MD5 vs CRC32: Which one's better for common use?

AlgorithmHash

Algorithm Problem Overview


Recently I read somewhere that although both CRC32 and MD5 are sufficiently uniform and stable, CRC32 is more efficient than MD5. MD5 seems to be a very commonly used hashing algorithm but if CRC32 is faster/more memory efficient then why not use that?

Algorithm Solutions


Solution 1 - Algorithm

MD5 is a one-way-hash algorithm. One-way-hash algorithm are often used in cryptography as they have the property (per design) that it's hard to find the input that produced a specific hash value. Specifically it's hard to make two different inputs that gives the same one-way-hash. Those they are often used as a way to show that a amount of data have not been altered intentionally since the hash code was produced. As the MD5 is a one-way-hash algorithm the emphasis is on security over speed. Unfortunately MD5 is now considered insecure.

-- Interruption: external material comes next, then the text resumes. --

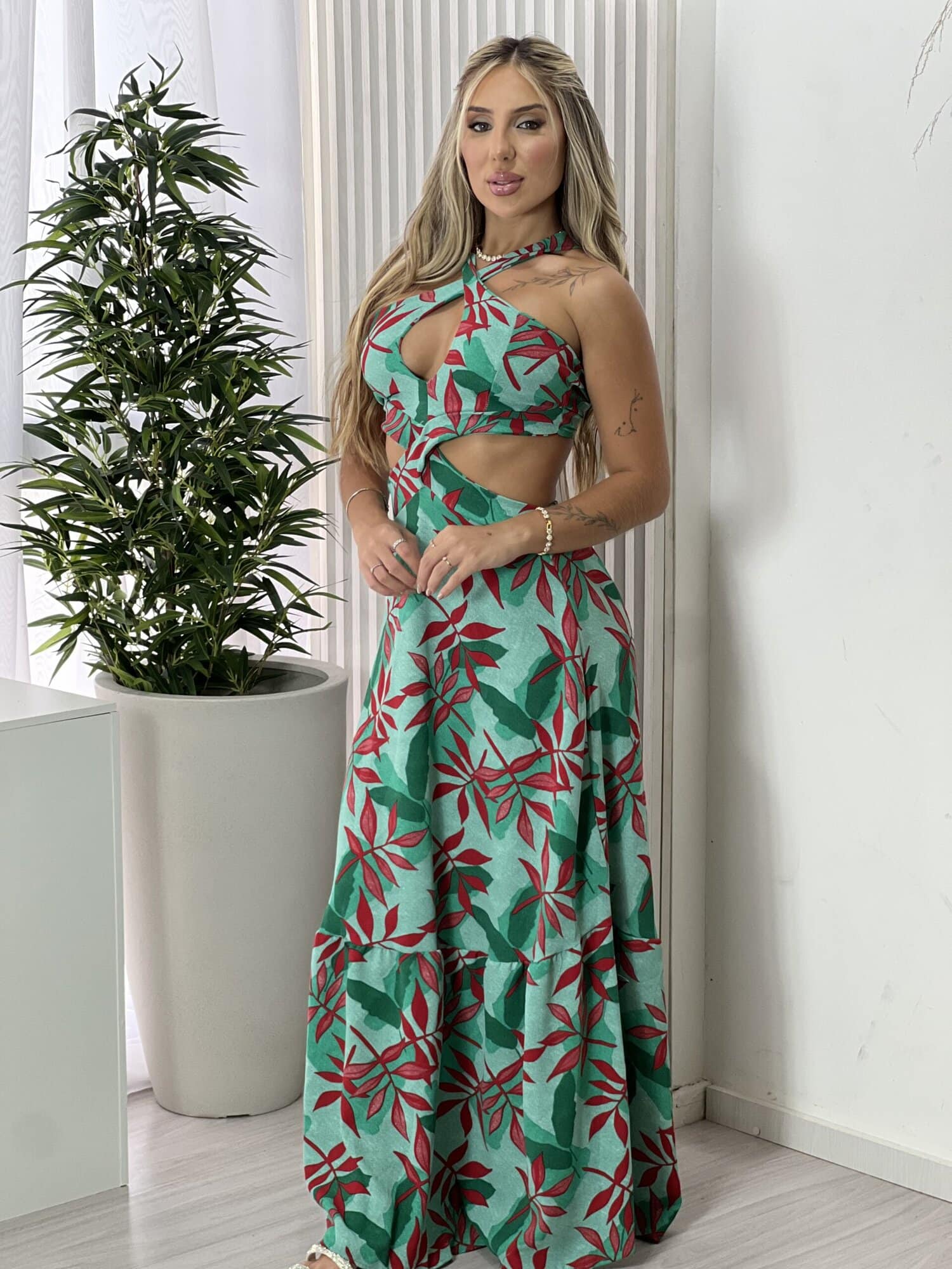 VESTIDO LONGO KAROLAINE ESTAMPADO VERDE

CRC32 is designed to detect accidental changes to data and are commonly used in networks and storage devices. The purpose of this algorithm is not to protect against intentionally changes , but rather to catch accidents like network errors and disk write errors etc. The emphasis of this algorithm is those more on speed than on security.

Solution 2 - Algorithm

From Wikipedia's article on MD5 (emphasis mine):

> MD5 is a widely used cryptographic hash function

Now CRC32:

> CRC is an error-detecting code

So, as you can see, CRC32 is not a hashing algorithm. That means you should not use it for hashing, because it was not built for that.

And I think it doesn't make much sense to talk about common use, because similar algorithms are used for different purposes, each with significantly different requirements. There is no single algorithm that's best for common use, instead, you should choose the algorithm that's most suited for your specific use.

Solution 3 - Algorithm

It depends on your goals. Here are some examples what can be done with CRC32 versus MD5:

Detecting duplicate files

If you want to check if two files are the same, CRC32 checksum is the way to go because it's faster than MD5. But be careful: CRC only reliably tells you if the binaries are different; it doesn't tell you if they're identical. If you get different hashes for two files, they cannot be the same file, so you can reject them as being duplicates very quickly.

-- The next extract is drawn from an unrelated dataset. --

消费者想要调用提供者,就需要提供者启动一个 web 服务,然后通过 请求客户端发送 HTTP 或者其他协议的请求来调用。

No matter what your keys are, the CRC32 checksum will be one of 2^32 different values. Assuming random sample files, the probability of collision between the hashes of two given files is 1 / 2^32. The probability of collisions between any of N given files is (N - 1) / 2^32.

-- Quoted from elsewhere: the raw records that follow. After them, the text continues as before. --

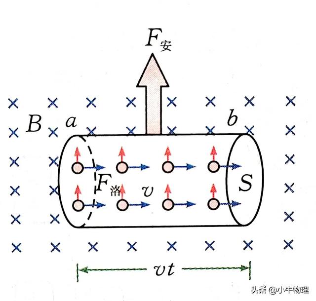 ③整段导线所受的安培力F安可看成是作用在每个运动电荷上的洛伦兹力F洛的合力,即F安=NF洛,则每个自由电荷所受洛伦兹力的大小为F洛=qvB.
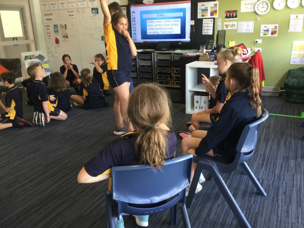 In first term, I did the ‘Murid Nakal’ story with middle primary. I absolutely love this story – great for acting and also perfect for reviewing behaviour management structures in the target language! I did change the ending this year because being at a new school and not knowing the staff or community, wanted to avoid recrimination for using a story that includes smacking! My 2021 version changed the hitting to push ups which worked but was nowhere near as funny! Here are some pictures of a lesson where we used Martina’s freeze frame idea.
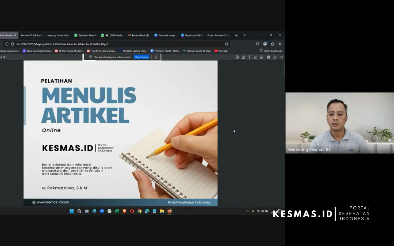 Materi kedua secara spesifik disampaikan oleh Kak Anis dengan topik Menulis Artikel Populer Kesehatan. Dalam sesi ini, saya bersama peserta lainnya dibimbing untuk memahami teknik menulis artikel kesehatan yang menarik, informatif, dan mudah dipahami oleh pembaca. Kami juga berlatih menyusun kepala berita (lead) berdasarkan bahan artikel dari batch sebelumnya, kemudian mendapatkan masukan langsung dari Kak Anis. Selain itu, Kak Anis turut mempraktikkan secara langsung bagaimana proses publikasi artikel di website Kesmas ID, termasuk bagaimana mengatur SEO agar artikel mudah diakses.

Detecting malicious software

If security is an issue, like downloading a file and checking the source's hash against yours to see if the binaries aren't corrupted, then CRC is a poor option. This is because attackers can make malware that will have the same CRC checksum. In this case, an MD5 digest is more secure -- CRC was not made for security. Two different binaries are far more likely to have the same CRC checksum than the same MD5 digest.

Securing passwords for user authentication

Synchronous (one-way) encryption is usually easier, faster, and more secure than asynchronous (two-way) encryption, so it's a common method to store passwords. Basically, the password will be combined with other data (salts) then the hash will be done on all of this combined data. Random salts greatly reduce the chances of two passwords being the same. By default, the same password will have the same hash for most algorithms, so you must add your own randomness. Of course, the salt must be saved externally.

To log a user in, you just take the information they give you when they log in. You use their username to get their salt from a database. You then combine this salt with the user's password to get a new hash. If it matches the one in in the database, then their login is successful. Since you're storing these passwords, they must be VERY secure, which means a CRC checksum is out of the question.

Cryptographic digests are more expensive to compute than CRC checksums. Also, better hashes like sha256 are more secure, but slower for hashing and take up more database space (their hashes are longer).

Solution 4 - Algorithm

One big difference between CRC32 and MD5 is that it is usually easy to pick a CRC32 checksum and then come up with a message that hashes to that checksum, even if there are constraints imposed on the message, whereas MD5 is specifically designed to make this sort of thing difficult (although it is showing its age - this is now possible in some situations).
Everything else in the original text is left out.